I decided to leave my husband in August of 2000. I had stashed some money, so that I could leave and take my son with me. He filed paperwork against me and tried to take my son. I went back to him in order to protect my son. While I was there, I found a hit list in my husband's handwriting, as well as a detailed list of how he was going to spend my life insurance policy, of course, I would have to be dead in order for him to collect. After finding the lists, I took my child and fled to a shelter. He has since admitted that these lists were his and that he wrote them in a "moment of madness".
Since then I have been involved in a slow rape emotionally and mentally. He hired a vicious female attorney who has done nothing but harrass me and has gone so far as to file false allegations against me and has impeeded me from collecting any child support since January.
My soon to be ex, has done everything from stalking me, hiring a private investigator to set up my schedule, to writing a hit list detailing how he was going to poison my friends with methol alcohol. He has now been trying to deplete my funds by drawing court out as long as possible. My soon to be ex is military so I went to his command with all the information that I had including child pornography that I found in his possession and it fell on deaf ears. They ruled that there wasn't any domestic violence in our situation since he never beat me. I am beginning to feel like maybe I am in the wrong. We are scheduled to go to court on Tuesday, October 2, 2001 for a protective order and my attorneys are not sure that I will get it since it has been standing on the docket for more than a year. I am scared witless of him and carry a gun everywhere I go. I try telling myself that everything is going to be ok, but my body begins to shake horribly. I am so afraid that when we go to court he will see how afraid I really am of him. I really believe that when all this blows over that he will come after me and succeed in killing me.

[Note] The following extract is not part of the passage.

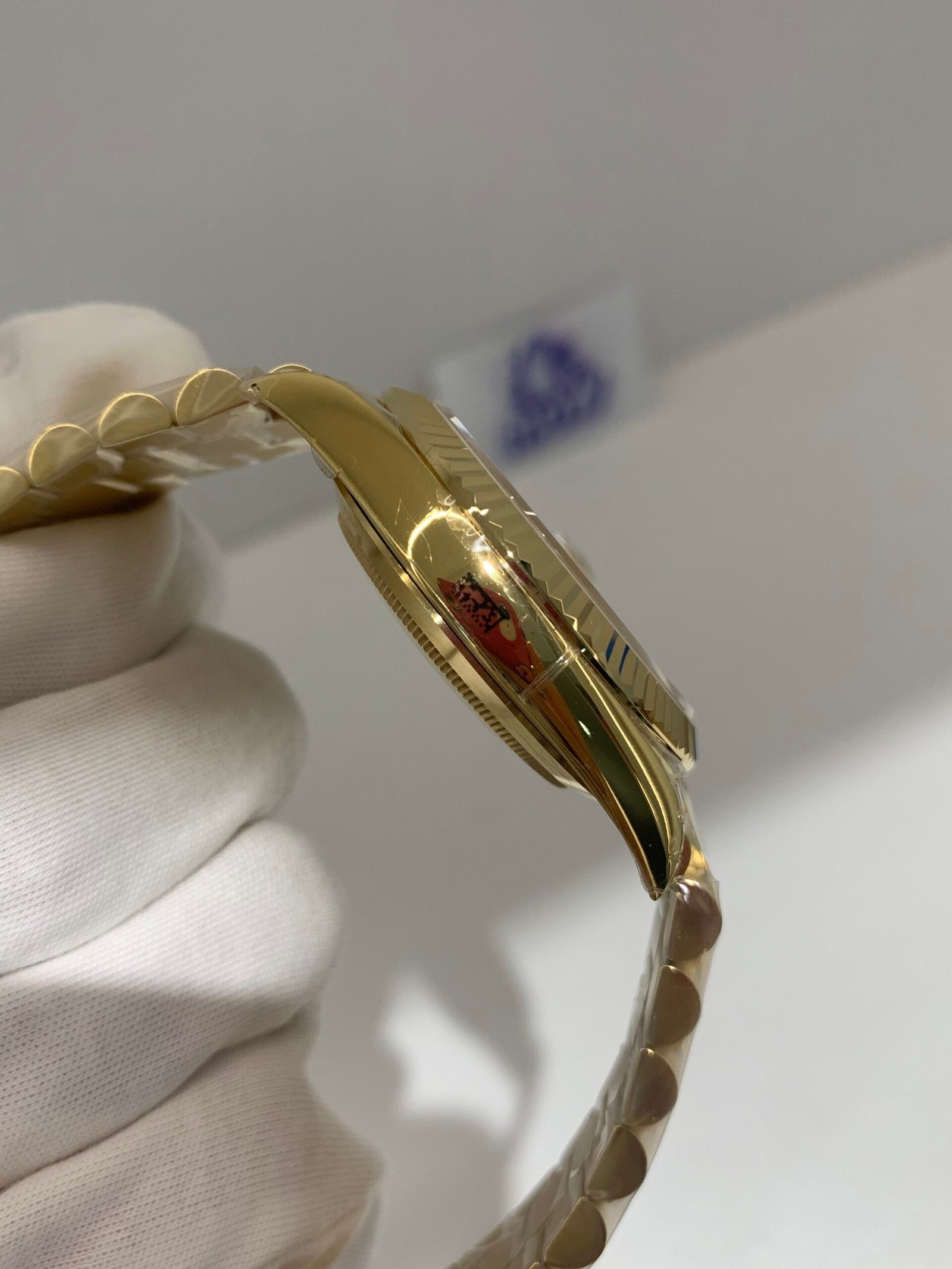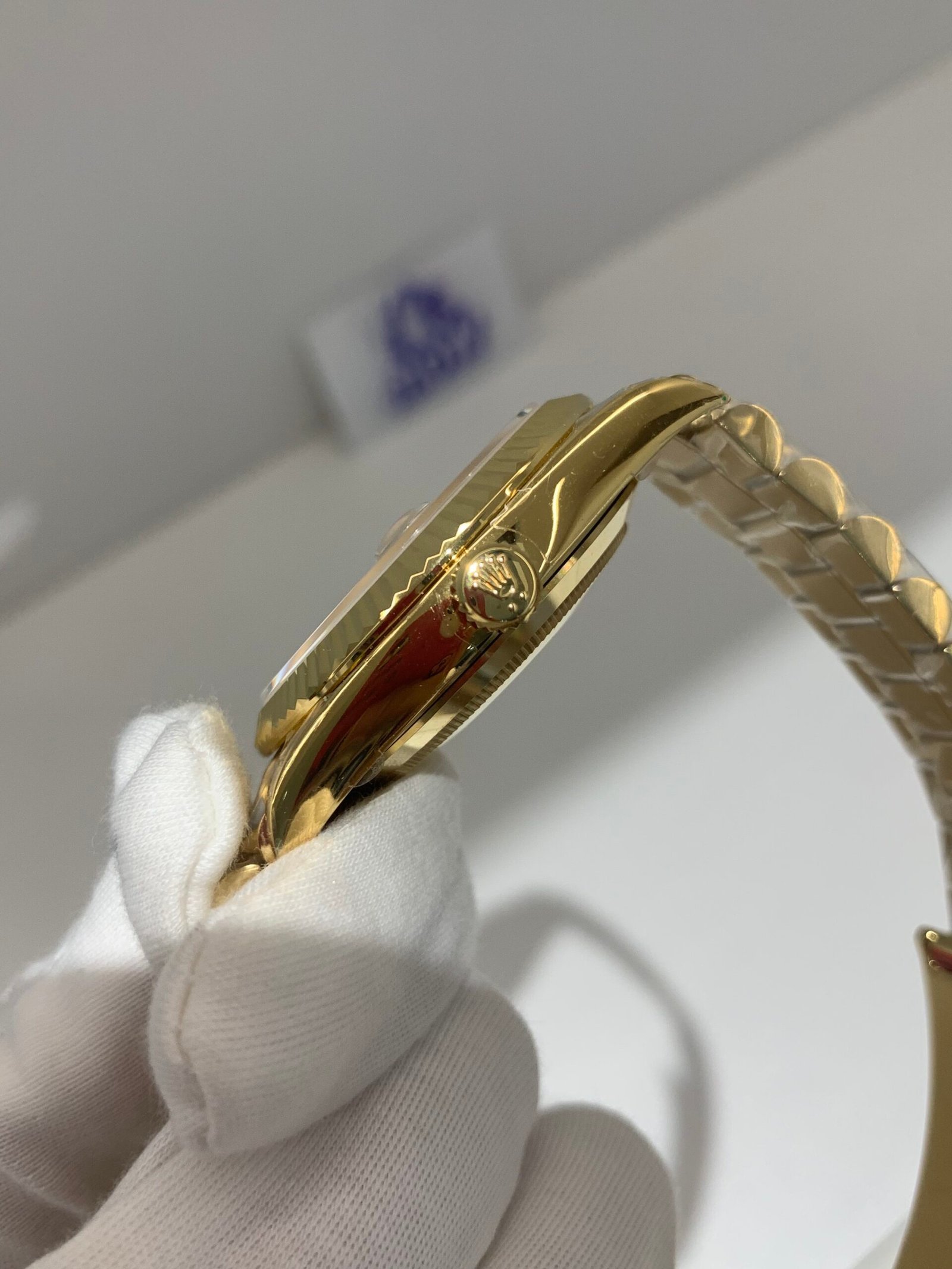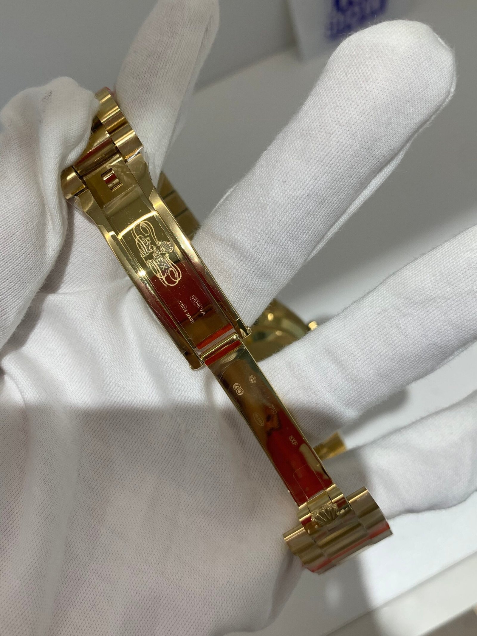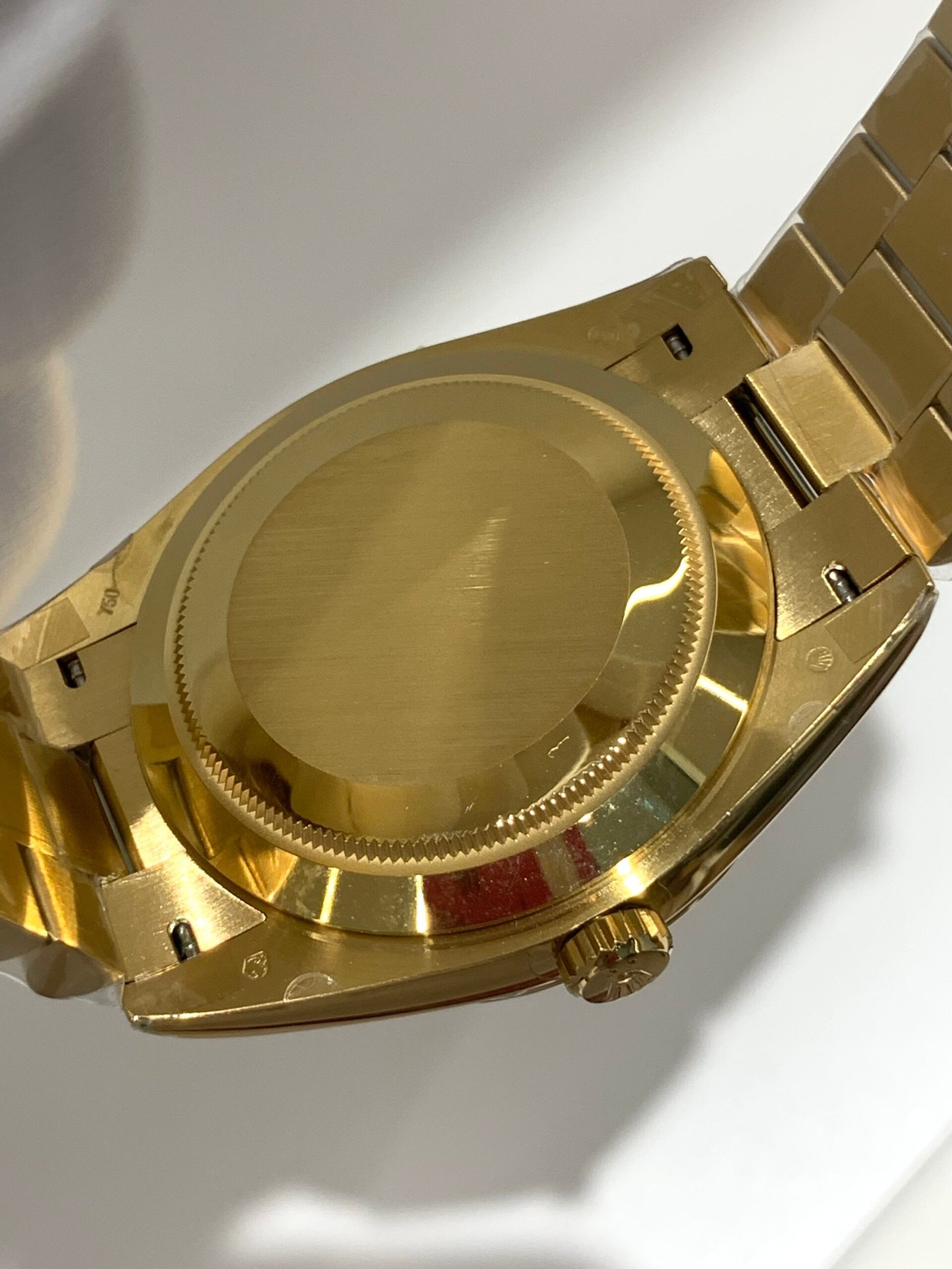 Fluted 18K Gold Bezel. Classic Rolex signature — mirror-polished vertical fluting, correct curvature, perfect fit to the mid-case.

I am not sure how after all this time I can get all the points across to the judge without the whole thing sounding melodramatic and if he will even listen even after no one else has listened. At this point, I am just ready to give up. Help please. I am at my wits end.
I strongly recommend you contact a Victim Advocate (free) or a counselor who specializes in domestic violence. You are not crazy, but you are beginning to distrust your own inner perceptions and to believe that he must be right. If you call the District Attorney's office for your county, they will have Victim Advocates or Victim Witnesses working for them. Another resource is to call safe houses (listed in yellow pages) in your area and see if they have free support groups. You need to be talking with someone who understands the dynamics of domestic violence.